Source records
======

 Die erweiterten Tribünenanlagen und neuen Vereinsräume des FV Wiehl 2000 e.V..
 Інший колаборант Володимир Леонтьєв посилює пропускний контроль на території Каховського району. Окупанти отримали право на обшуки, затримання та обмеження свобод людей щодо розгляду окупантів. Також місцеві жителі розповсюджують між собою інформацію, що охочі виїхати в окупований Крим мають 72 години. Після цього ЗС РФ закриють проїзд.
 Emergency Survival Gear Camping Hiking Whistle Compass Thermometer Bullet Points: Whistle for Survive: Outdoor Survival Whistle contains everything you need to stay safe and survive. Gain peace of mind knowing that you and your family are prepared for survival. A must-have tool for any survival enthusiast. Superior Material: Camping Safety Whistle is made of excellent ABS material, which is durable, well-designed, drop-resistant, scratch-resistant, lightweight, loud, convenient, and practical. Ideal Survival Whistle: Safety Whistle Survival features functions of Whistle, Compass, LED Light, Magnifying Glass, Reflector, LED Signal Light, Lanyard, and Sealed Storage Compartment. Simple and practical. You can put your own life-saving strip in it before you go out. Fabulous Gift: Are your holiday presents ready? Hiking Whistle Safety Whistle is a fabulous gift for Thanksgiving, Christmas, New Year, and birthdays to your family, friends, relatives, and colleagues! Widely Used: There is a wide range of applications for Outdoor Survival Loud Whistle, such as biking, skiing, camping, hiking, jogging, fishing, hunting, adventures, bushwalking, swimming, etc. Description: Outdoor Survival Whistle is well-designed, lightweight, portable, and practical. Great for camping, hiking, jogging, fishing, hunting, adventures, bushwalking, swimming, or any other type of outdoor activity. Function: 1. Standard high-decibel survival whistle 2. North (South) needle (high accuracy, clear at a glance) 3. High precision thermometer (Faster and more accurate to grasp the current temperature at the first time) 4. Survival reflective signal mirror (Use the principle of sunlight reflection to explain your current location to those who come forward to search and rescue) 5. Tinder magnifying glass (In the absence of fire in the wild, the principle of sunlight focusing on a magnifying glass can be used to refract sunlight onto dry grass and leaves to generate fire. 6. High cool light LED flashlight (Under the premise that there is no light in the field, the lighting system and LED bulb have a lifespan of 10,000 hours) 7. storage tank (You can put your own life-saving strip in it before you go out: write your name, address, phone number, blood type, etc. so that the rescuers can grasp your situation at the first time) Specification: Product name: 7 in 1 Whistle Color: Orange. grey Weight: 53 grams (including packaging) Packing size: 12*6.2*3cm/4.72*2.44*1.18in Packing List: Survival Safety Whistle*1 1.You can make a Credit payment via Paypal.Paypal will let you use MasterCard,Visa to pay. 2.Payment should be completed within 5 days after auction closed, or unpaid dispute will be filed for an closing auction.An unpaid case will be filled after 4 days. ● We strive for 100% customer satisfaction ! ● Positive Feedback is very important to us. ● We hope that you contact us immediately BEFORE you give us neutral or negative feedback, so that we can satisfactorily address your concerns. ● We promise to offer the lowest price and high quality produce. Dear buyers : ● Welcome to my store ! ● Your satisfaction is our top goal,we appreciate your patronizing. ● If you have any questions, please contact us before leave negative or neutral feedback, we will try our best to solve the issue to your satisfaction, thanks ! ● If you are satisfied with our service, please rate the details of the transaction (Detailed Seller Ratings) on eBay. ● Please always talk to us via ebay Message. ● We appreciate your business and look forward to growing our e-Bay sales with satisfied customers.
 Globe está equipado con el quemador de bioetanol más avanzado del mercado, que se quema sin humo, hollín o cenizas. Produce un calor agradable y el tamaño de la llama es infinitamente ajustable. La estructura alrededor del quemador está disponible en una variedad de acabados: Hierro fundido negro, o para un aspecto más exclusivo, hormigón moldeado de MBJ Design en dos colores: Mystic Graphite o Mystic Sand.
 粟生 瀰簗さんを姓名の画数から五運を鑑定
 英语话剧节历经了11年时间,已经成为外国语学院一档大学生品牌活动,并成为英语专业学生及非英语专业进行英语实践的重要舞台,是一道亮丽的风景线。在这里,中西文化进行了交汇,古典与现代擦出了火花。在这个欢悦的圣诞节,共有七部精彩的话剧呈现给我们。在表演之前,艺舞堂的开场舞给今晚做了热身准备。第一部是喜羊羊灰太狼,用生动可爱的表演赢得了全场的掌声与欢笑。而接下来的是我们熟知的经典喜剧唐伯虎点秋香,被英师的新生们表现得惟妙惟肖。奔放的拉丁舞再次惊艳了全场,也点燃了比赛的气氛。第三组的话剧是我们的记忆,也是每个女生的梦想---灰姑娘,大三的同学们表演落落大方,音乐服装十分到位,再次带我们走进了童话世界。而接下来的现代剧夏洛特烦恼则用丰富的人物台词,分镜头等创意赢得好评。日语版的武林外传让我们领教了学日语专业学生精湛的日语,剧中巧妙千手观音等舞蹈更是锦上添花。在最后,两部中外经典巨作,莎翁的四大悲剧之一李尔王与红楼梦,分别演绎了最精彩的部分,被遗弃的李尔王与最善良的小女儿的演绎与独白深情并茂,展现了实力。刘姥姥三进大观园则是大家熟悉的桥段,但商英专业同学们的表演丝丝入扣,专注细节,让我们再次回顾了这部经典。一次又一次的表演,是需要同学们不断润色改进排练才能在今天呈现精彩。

======

=== WORK INSTRUCTION ===
Restate the data verbatim through the "Інший колаборант Володимир" line.

=== RESPONSE TO THIS TASK ===
 Die erweiterten Tribünenanlagen und neuen Vereinsräume des FV Wiehl 2000 e.V..
 Інший колаборант Володимир Леонтьєв посилює пропускний контроль на території Каховського району. Окупанти отримали право на обшуки, затримання та обмеження свобод людей щодо розгляду окупантів. Також місцеві жителі розповсюджують між собою інформацію, що охочі виїхати в окупований Крим мають 72 години. Після цього ЗС РФ закриють проїзд.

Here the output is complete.